Located in the Black Hills of South Dakota, this colossal monument was the brainchild of state historian Doane Robinson, who conceived of the mountain carving in 1924 as a way to draw people from all over America to his state.

Mount Rushmore National Memorial © Rex Vogel, all rights reserve

Mount Rushmore symbolizes the ideals of freedom, democracy, and the American dream in the four 60-foot granite faces. This mountain carving of Presidents George Washington, Thomas Jefferson, Theodore Roosevelt, and Abraham Lincoln draws over two million visitors a year (2,431,231 in 2016). It is both a spectacular site and a man-made wonder.

Mount Rushmore National Memorial © Rex Vogel, all rights reserve

The first blast on the mountain occurred in 1927. Under the direction of sculptor Gutzon Borglum, 400 men and women worked through hot summers and cold winters to create the 60-foot faces, nearly 500 feet up the side of the mountain.

Mount Rushmore National Memorial © Rex Vogel, all rights reserve

Over 90 percent of the mountain was carved using dynamite. The fine details of the faces were achieved, using jackhammers and hand chisels. Operators hung from the top of the mountain in bosun chairs held by steel cables. Despite the dangerous work, in the 14 years it took to carve the mountain, not a single person died. The memorial was officially declared complete on October 31, 1941.

Mount Rushmore National Memorial © Rex Vogel, all rights reserve

Mount Rushmore National Memorial is open year-round, seven days a week and is located 23 miles from Rapid City. The memorial offers a variety of activities so plan to spend at least four to five hours there. Visitors can leave and return to the memorial the same day for the evening lighting ceremony. Mount Rushmore also features a gift shop, information center, and an award-winning audio tour. 

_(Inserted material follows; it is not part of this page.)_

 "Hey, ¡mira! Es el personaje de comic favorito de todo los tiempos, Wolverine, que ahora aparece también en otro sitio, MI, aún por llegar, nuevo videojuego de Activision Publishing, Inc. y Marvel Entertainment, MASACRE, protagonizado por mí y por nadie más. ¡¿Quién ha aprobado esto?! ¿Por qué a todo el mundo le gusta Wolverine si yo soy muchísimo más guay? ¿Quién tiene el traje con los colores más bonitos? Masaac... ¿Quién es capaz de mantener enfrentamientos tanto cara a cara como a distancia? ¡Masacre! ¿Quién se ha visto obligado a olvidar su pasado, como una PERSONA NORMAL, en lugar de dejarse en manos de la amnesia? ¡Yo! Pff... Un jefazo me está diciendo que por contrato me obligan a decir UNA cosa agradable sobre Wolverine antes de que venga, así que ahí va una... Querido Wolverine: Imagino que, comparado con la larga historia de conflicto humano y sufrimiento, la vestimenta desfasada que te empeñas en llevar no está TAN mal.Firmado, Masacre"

Mount Rushmore National Memorial © Rex Vogel, all rights reserve

Begin at the information center where staff and displays will help you plan your visit to the memorial and the Black Hills region. From here, go up on the walkway toward the sculpture and other facilities. The Lincoln Borgham Visitor Center has exhibits on the carving of Mount Rushmore, a 14-minute film, “Mount Rushmore—The Shrine,” an information desk, restrooms, and a bookstore. The Sculpture’s Studio displays models and tools used in the carving process.

The Presidential Trail is a half-mile loop that provides various views of the iconic Mount Rushmore National Memorial that can’t be missed. This easy trail meanders through the pines and near the blasting rubble left from workers carved the mountain decades ago. Along the trail, each president is highlighted with history provided by plaques found along the way.

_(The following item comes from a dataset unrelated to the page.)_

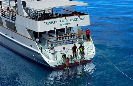 Monday: Boarding Spirit of Freedom at 11:15am at Trinity Wharf in Cairns (complimentary transfers from Cairns city hotels are available) for a 12 noon departure. Lunch will be served on board while we cruise to the Great Barrier Reef to the north of Cairns, for an afternoon orientation dive and a twilight or night dive.

Follow the crowds, and you’ll end up at the Grand View Terrace, just beyond the Avenue of the Flags. True, the head-on views are spectacular and unobstructed. But you can do better. Walk the often-bypassed loop around the base of the mountain. Climbing up the steps though ponderosa pines, you can get a closer view of the faces at various twists and turns (and maybe catch a glimpse of a Rocky Mountain goat or a mule deer, too).

Just outside Mount Rushmore, the Peter Norbeck Scenic Byway offers stunning views of the Presidential faces framed by the local landscape.

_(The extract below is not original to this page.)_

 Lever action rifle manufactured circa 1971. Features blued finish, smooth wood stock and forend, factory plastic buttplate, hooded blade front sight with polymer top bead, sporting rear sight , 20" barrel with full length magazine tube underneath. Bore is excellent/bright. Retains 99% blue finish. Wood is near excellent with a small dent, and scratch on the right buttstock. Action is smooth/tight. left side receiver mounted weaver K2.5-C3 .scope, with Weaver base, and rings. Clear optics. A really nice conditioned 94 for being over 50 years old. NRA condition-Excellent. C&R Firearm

Heading southeast from the memorial, follow Highway 16A, a twisting route down Iron Mountain Road. You’ll find tunnels that were specifically carved to frame the faces, yet predate the monument itself. They knew the mountain was going to be carved, so they constructed the tunnels to show off the faces before they were ever there.

Mount Rushmore National Memorial © Rex Vogel, all rights reserve

Keystone is the closest city in the Black Hills to Mount Rushmore, which is located only three miles away. Rich in gold mining history, the quaint town of Keystone was once a boomtown after the discovery of placer gold two miles east of its current location. Placer gold is still thought to exist in abundance but the great depth of the deposits makes it difficult and impractical to reach.

Worth Pondering…

The noble countenances emerge from Rushmore, as though the spirit of the mountain heard a human plan and itself became a human countenance.